Глава 13
9 августа 2020 г. в 23:46
— Но мне бы хотелось поговорить! — Томми намазал на тост тоненький слой джема и отхлебнул глоток эспрессо.
Их просторная кухня-столовая тоже насквозь просвечивалась осенним заоконным солнцем, весело танцующем на столовых приборах и высокой стеклянной вазе с герберами в центре стола.
Адам инспектировал холодильник на предмет низкокалорийного завтрака в виде грейпфрута или, на крайний случай, огурца или морковки, но через минуту печально констатировал факт отсутствия и того и другого, а также и того, что он опять позабыл продиктовать их домработнице купить овощей и фруктов.
— Вот что значит, жить на работе, — со вздохом он захлопнул дверцу холодильника и уселся напротив Томми перед своей пустой тарелкой. — Это я без тебя одичал, — добавил он. — Так с голоду бы и помер.
— Вот как раз о дикости, — начал Томми и тут же был горячо поддержан Ламбертом, пытавшемся по привычке срулить с намеченной темы разговора.
— Как это негуманно — так просто вступить в драку, со своим другом и коллегой, и где? В общественном месте, буквально вынудив бармена вызвать полицию, не дожидаясь, чтобы ты там все разнес в клочья!
— Что за бред ты несешь? — Томми поставил на стол недопитый кофе. — Я был не настолько пьян, чтобы не помнить подробностей. Гроссман сам нарывался, хотя и объяснял я ему его неправоту всеми доступными мне способами. Он размахался руками, я пытался его остановить, смахнул пару стаканов со стойки, случайно, ну и задел он меня по губе, а потом разозлился и в полицию потащился. А там уже быстренько от всего отперся. А залог — ну разберемся, как-нибудь. Ущерб за стаканы оплачу я бармену этому.
Он помолчал, вспоминая начало их разговора.
Адам сосредоточенно наливал в высокий стакан минеральную воду, пристально глядя на поднимающиеся к поверхности пузырьки газа.
— Так вот, — поймал прежнюю мысль Рэтлифф. — Я не это хотел с тобой обсудить.
— Ну, Томми, — придавая своему лицу выражение медвежонка Паддингтона в тот момент, когда он осознал, что сидит на вокзале с запиской в лапе, брошенный всеми на произвол судьбы. — Ты же знаешь…

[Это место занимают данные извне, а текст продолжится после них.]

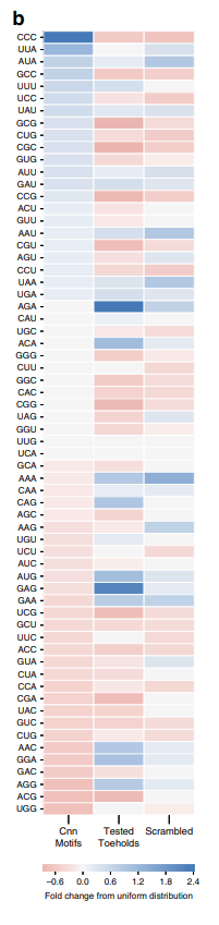 作者和Angenent-Mari共同设计了包含244,000个支点开关的数据集,包括病毒和人类基因组序列以及随机序列,其中91,534个开关在实验表征后符合定义明确的质量控制标准。如图c,d,作者进行了传统的生物信息学表达研究,发现高性能和低性能序列中,核苷酸组成不同。标志为了进一步了解序列编码部分的变化如何影响支点表现,作者对读框内氨基酸进行了更广泛的分析,读框内终止密码子在高性能序列的N末端发生的频率较低,较小的疏水性氨基酸(例如缬氨酸,丙氨酸和甘氨酸)在高性能序列的N端比在低效氨基酸序列中更常见。为了阐明良好支点和不良支点之间的任何宏观序列模式,作者利用CGR提供了一种信息丰富且无损的编码方案,并观察到表现良好的A富密码子的富集。

— Опять я знаю? — нахмурил свои выразительные брови Рэтлифф. — Прекратите все время все сваливать на меня? Что я должен знать?
Адам покрутил стакан с водой и поднял глаза на Томми.
Взгляд его был серьезен и непроницаем, словно серый туман над Гудзоном.
— Прости меня, Томми. Так получилось, что я живу только балетом и тобой. Вы между собой ничем не связаны, но я не могу дышать без вас обоих. Это со стороны точно воспринимается диковато, но так оно есть на самом деле. И ты всегда это знал, ведь так?
— Но это не дает тебе право!.. — Томми остановился. — Это не повод, чтобы оправдать твое… твою…
— Мою измену тебе, — закончил его фразу Адам. — Я не оправдываюсь.
Он вновь опустил взгляд на стакан с водой, на него же уставился и Томми. Так они просидели, разглядывая уже выдохшуюся минералку несколько минут.
Наконец, Томми произнес:
— Надо же что-то с этим делать!
И Адам согласился.
— Надо. А что?
Рэтлифф поднялся из-за стола и пошел к входной двери квартиры. Адам смотрел ему вслед, бессильно опустив руки на колени и ожидая похоронного звука захлопывающейся за ним двери.
Но послышалось совсем другое.
Сначала были слышны какие-то шорохи, потом Томми походил по холлу, что-то уронил, чертыхнулся, сдвинул стул, опять что-то уронил, и вернулся обратно в столовую.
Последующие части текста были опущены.